# Missed Chance



## sdgoosehunter16 (Sep 22, 2009)

Two night in a row now I've been having problems with my sight! I had a nice buck come in last night with about ten minutes of shooting light! But when I drew back I couldn't see my pin! I have a 20 yd pin and that's it I use a peep...so what I'm trying to get at us there anything I could do to make my pin more visible?

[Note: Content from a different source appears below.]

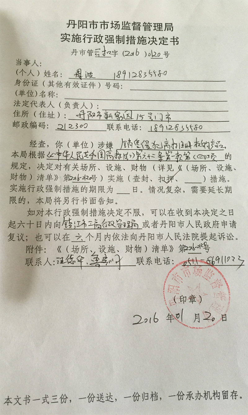 近日,乔克公司在热心客户和丹阳市市场监督管理局的帮助下,成功打假。
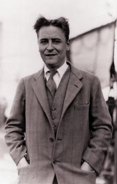 Фрэ́нсис Скóтт Кéй Фицдже́ральд (англ.: Francis Scott Key Fitzgerald) (24.09.1896г., г. Сент-Пол, Миннесота - 21.12.1940г., Голливуд) - американский писатель, крупнейший представитель так называемого «потерянного поколения» в литературе. Наибольшую известность Фицджеральду принёс роман «Великий Гэтсби», опубликованный в 1925 году, а также ряд романов и рассказов об американской «эпохе джаза» 1920-х гг.. Термин «эпоха джаза» или «век джаза» был придуман самим Фицджеральдом и обозначал период американской истории с момента окончания Первой мировой войны до великой депрессии 1930-х гг.. Фрэнсис Скотт учился в престижных учебных заведениях: в 1908-1910 гг. - в Академии Сент-Пола, в 1911-1913 гг. - в Newman School, в 1913-1917 гг. - в Принстонском университете. Во время учёбы в Принстоне Фрэнсис Скотт Фицджеральд играл в университетской футбольной команде, писал рассказы и пьесы, которые нередко побеждали в университетских конкурсах. К этому времени у него уже сформировалась мечта стать писателем и автором музыкальных комедий. В 1917 году, незадолго до выпускных экзаменов, Фрэнсис Скотт ушёл добровольцем в армию. В армии Фрэнсис Скотт сделал карьеру и дослужился до адъютанта командира 17-й пехотной бригады генерала Дж. А. Райана и выполнял обязанности секретаря генерала. В 1919 году Фицджеральд демобилизовался, некоторое время работал рекламным агентом в Нью-Йорке. 26 марта 1920 года Фицджеральд опубликовал роман под названием «По эту сторону рая» (This Side of Paradise), который сразу приносит Фицджеральду успех. За первой книгой в 1922 году Фицджеральд публикует второй роман «Прекрасные и проклятые» (The Beautiful and Damned). Выходит также сборник рассказов «Сказки века джаза» (Tales of the Jazz Age). В 1924 году Фицджеральд уезжает в Европу, сначала в Италию, потом во Францию. Живя в Париже, он знакомится там с Эрнестом Хемингуэем. В Париже Фицджеральд заканчивает и публикует роман «Великий Гэтсби» (The Great Gatsby, 1925). В 1937 году Фицджеральд решает стать сценаристом в Голливуде. В октябре 1939 года Фицджеральд приступил к написанию романа «Последний магнат» (The Last Tycoon, 1941), который остался незаконченным. За три года жизни в Голливуде Фрэнсис Скотт написал серию рассказов и статей, в основном автобиографического характера, опубликованных после его смерти в сборнике «Крушение» (The Crack-Up, 1945).

We can't use lights in SD for hunting so any help would be well appreciated! 
Thanks,
Tanner


----------



## Chuck Smith (Feb 22, 2005)

is your pin a fiber optic?


----------



## sdgoosehunter16 (Sep 22, 2009)

well it is somewhat its kinda hard to explain...its an older sight i believe the sight is a darton sight? but im not quite sure its my late grandfathers old bow...but the pin itself is fiber optic but its not like todays fiber optic sights where they are really illuminated...thanks for the help


----------



## MDV89 (Sep 8, 2008)

options include....

1. do nothing
2. drill out peep so its bigger and lets in more light
3. try to jimmy rig your current pin (hard to say what to do without knowing much about it.
4. buy a bigger peep or go with a kisser if your using an older bow
5. buy a newer fiber optic pin


----------



## triwithzinger (Jul 2, 2008)

Learn to shoot instinctively....like the folks with recurves & longbows do. I wouldn't think it woul be too hard, esp. for those short shots


----------



## barebackjack (Sep 5, 2006)

Deal with it. Thats hunting.

Theres many times I have "legal light" left, but not enough actual light to see my pins. Cloud cover, dark moon, heavy cover all diminish "legal light".


----------



## sdgoosehunter16 (Sep 22, 2009)

Thanks for the help guys!


----------